The Monetary Authority of Singapore (MAS) clarified that digital tokens will be regulated by MAS if they constitute products regulated under the Securities and Futures Act (SFA).
MAS’ clarification comes in the wake of a recent increase in the number of initial coin (or token) offerings (ICOs) in Singapore as a means of raising funds, according to a press statement on August 1, 2017.
A virtual currency is one particular type of digital token, which typically functions as a medium of exchange, a unit of account or a store of value. ICOs are vulnerable to money laundering and terrorist financing (ML/TF) risks due to the anonymous nature of the transactions. Large sums of monies could also be raised in a short period of time.
The financial regulator has observed that the function of digital tokens has evolved beyond just being a virtual currency.
For example, digital tokens may represent ownership or a security interest over an issuer’s assets or property.

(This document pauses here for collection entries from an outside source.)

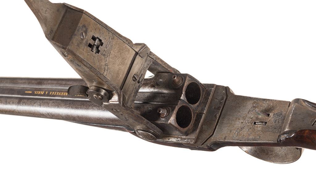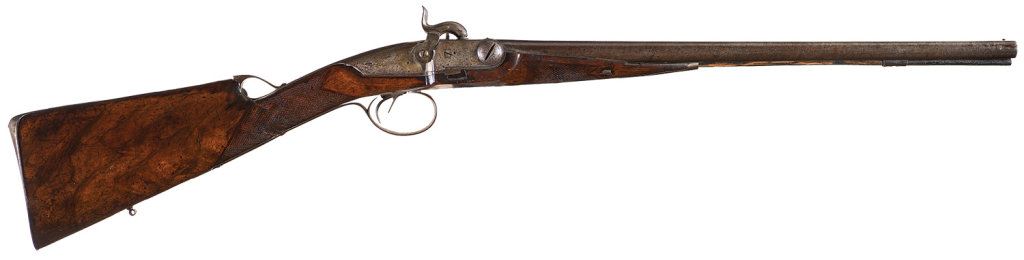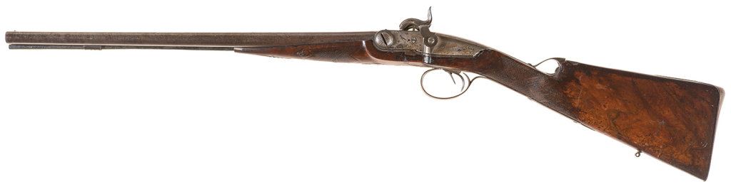 Lot 4763 Gold Inlaid Patented "Monkey Tail" Breech Loading Side by Side Percussion Shotgun
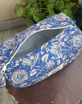 Our large toiletry bag is crafted from quilted block-printed cotton fabric, making it a stylish and practical choice for your essentials. Perfect as a makeup or toiletry bag, it can hold all your must-have items for travel or everyday use.
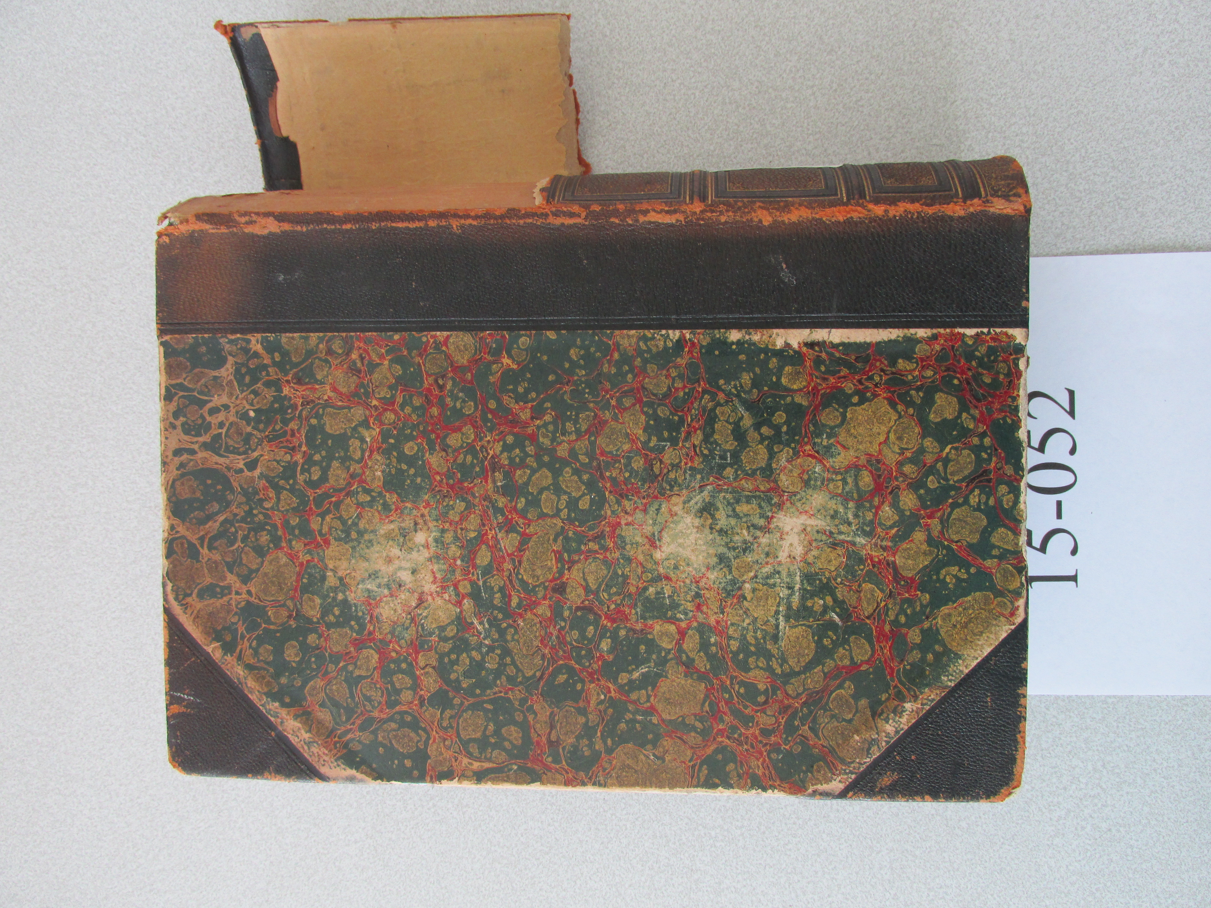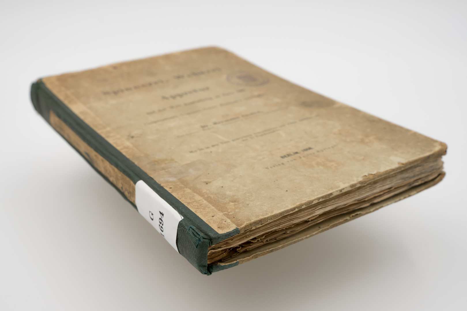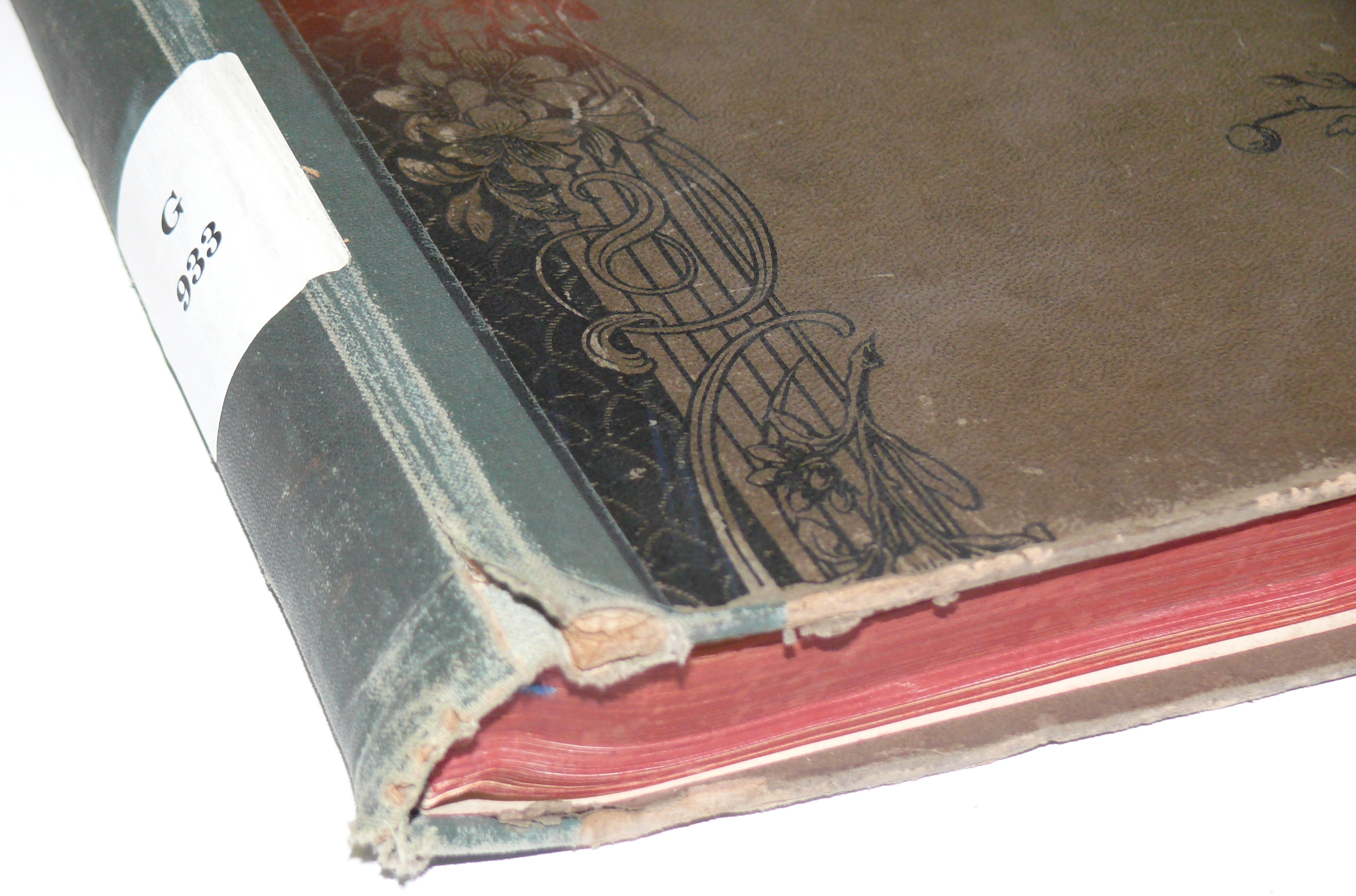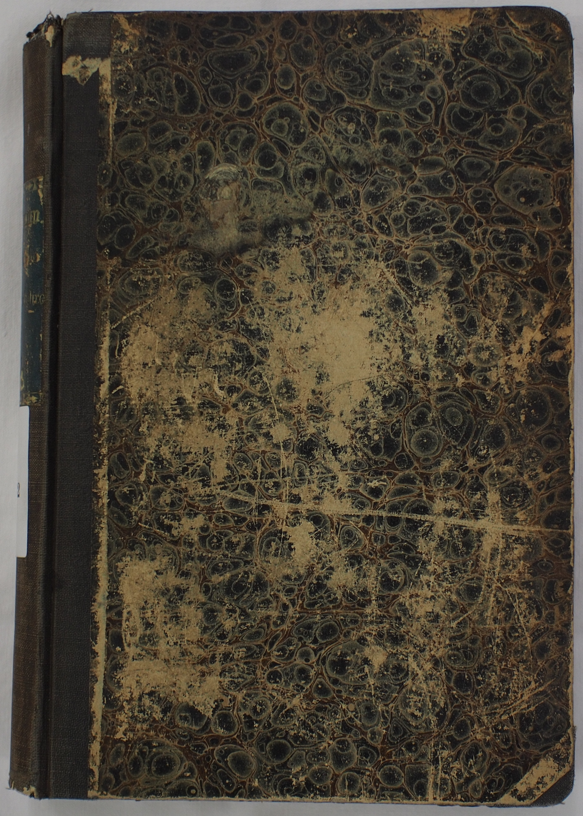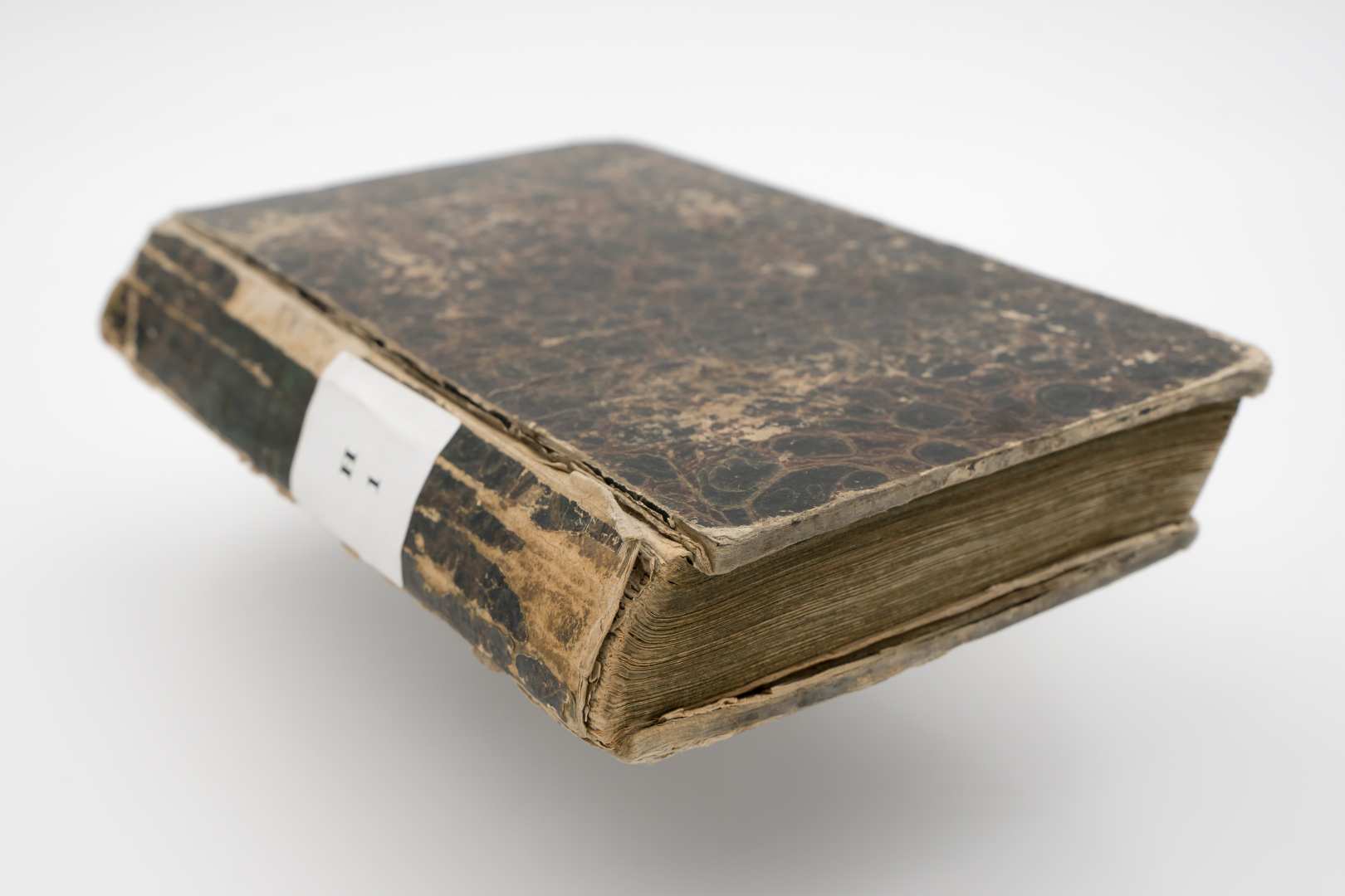 Erfolgte Maßnahmen: Trockenreinigung, Stabiblsieren des Einbandes, Einbandrestaurierung

Such tokens may therefore be considered an offer of shares or units in a collective investment scheme under the SFA. Digital tokens may also represent a debt owed by an issuer and be considered a debenture under the SFA.
Issuers of tokens that fall within the definition of securities in SFA would be required to lodge and register a prospectus with MAS prior to the offer of such tokens, unless exempted.
Issuers or intermediaries of such tokens would also be subject to licensing requirements under the SFA and Financial Advisers Act – unless exempted – and the applicable requirements on anti-money laundering and countering the financing of terrorism.
In addition, platforms facilitating secondary trading of such tokens would also have to be approved or recognised by MAS.